*** RECORDS SHOWN ***

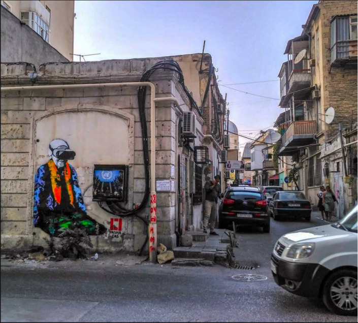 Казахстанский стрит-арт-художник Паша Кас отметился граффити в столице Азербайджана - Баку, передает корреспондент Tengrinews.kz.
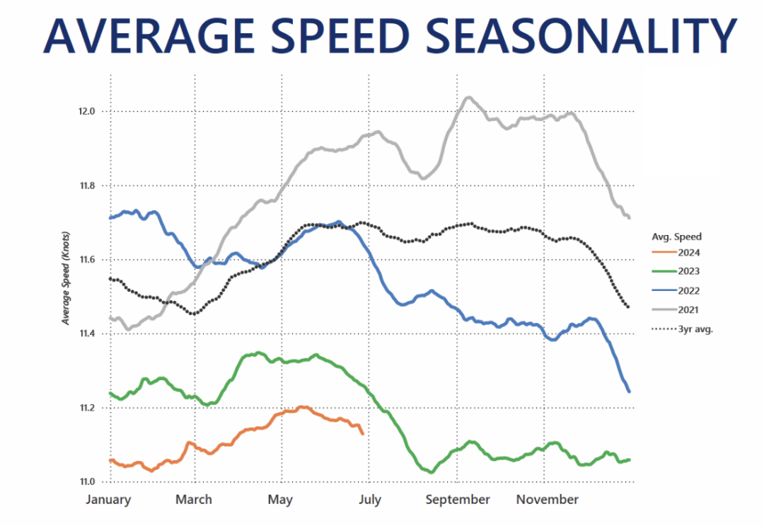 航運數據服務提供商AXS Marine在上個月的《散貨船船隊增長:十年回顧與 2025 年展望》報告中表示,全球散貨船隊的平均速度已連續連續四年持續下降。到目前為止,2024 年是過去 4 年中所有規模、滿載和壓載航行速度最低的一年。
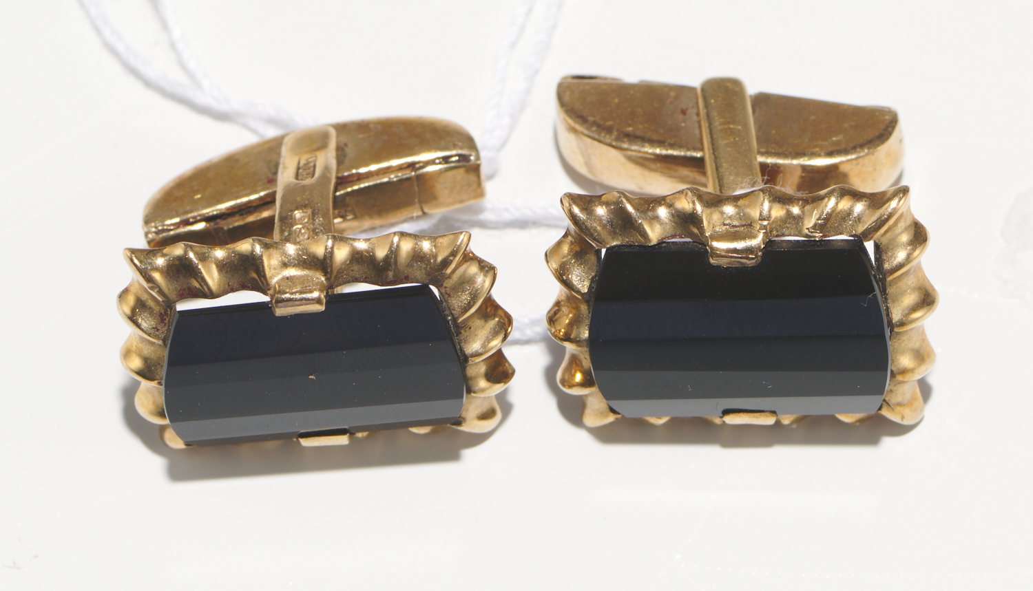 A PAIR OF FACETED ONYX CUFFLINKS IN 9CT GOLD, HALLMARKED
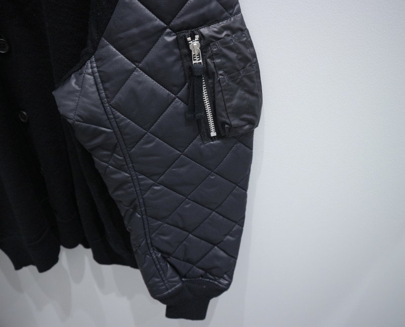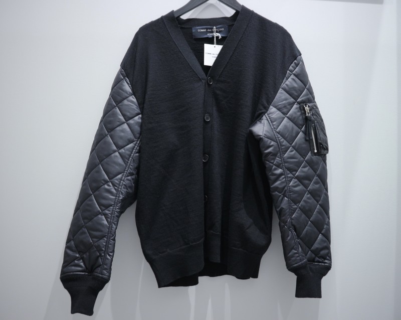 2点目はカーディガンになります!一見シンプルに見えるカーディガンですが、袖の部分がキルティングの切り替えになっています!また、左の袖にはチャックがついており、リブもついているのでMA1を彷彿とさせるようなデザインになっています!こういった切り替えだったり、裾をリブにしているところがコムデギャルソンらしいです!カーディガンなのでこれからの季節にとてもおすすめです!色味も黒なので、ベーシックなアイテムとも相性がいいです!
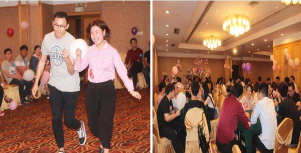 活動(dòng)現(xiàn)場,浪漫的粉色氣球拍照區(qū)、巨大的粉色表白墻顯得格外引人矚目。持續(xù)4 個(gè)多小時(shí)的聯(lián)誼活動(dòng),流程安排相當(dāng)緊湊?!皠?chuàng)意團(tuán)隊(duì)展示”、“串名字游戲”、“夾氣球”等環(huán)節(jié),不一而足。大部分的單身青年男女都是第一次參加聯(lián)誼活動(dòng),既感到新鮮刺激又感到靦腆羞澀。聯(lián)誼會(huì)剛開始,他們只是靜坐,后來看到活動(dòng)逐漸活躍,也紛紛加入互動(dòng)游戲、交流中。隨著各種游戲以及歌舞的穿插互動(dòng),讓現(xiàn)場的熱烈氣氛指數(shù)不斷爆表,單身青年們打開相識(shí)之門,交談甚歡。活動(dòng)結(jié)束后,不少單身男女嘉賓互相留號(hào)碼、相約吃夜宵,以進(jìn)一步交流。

*** End of RECORDS SHOWN ***
*** RECORDS SHOWN ***

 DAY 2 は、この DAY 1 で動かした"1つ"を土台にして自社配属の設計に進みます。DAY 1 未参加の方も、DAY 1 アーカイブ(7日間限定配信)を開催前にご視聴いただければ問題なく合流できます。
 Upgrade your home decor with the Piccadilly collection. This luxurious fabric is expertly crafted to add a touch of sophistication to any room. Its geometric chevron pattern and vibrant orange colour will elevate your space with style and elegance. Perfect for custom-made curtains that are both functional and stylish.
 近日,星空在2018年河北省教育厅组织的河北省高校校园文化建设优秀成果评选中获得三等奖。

*** End of RECORDS SHOWN ***
*** RECORDS SHOWN ***

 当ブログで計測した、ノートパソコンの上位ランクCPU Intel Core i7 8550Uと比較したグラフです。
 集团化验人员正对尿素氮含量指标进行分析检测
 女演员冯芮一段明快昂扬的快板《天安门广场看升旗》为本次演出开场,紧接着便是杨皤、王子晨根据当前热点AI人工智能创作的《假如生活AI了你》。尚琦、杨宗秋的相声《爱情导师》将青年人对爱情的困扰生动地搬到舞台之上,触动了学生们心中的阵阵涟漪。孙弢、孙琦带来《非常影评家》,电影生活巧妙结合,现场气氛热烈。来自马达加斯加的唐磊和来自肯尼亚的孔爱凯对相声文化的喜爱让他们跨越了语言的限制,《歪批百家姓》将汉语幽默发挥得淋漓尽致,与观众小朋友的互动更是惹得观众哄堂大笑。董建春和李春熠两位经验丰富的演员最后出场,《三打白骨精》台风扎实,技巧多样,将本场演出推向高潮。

*** End of RECORDS SHOWN ***

Nothing but the lines above from the line with "Казахстанский стрит-арт-художник Паша" up to and including the line with "航運數據服務提供商AXS Marine在上個月的《散貨船船隊增長:十年回顧與 2025" should be returned, exactly as written and without pictures.

- [FINAL ANSWER]
 Казахстанский стрит-арт-художник Паша Кас отметился граффити в столице Азербайджана - Баку, передает корреспондент Tengrinews.kz.
 航運數據服務提供商AXS Marine在上個月的《散貨船船隊增長:十年回顧與 2025 年展望》報告中表示,全球散貨船隊的平均速度已連續連續四年持續下降。到目前為止,2024 年是過去 4 年中所有規模、滿載和壓載航行速度最低的一年。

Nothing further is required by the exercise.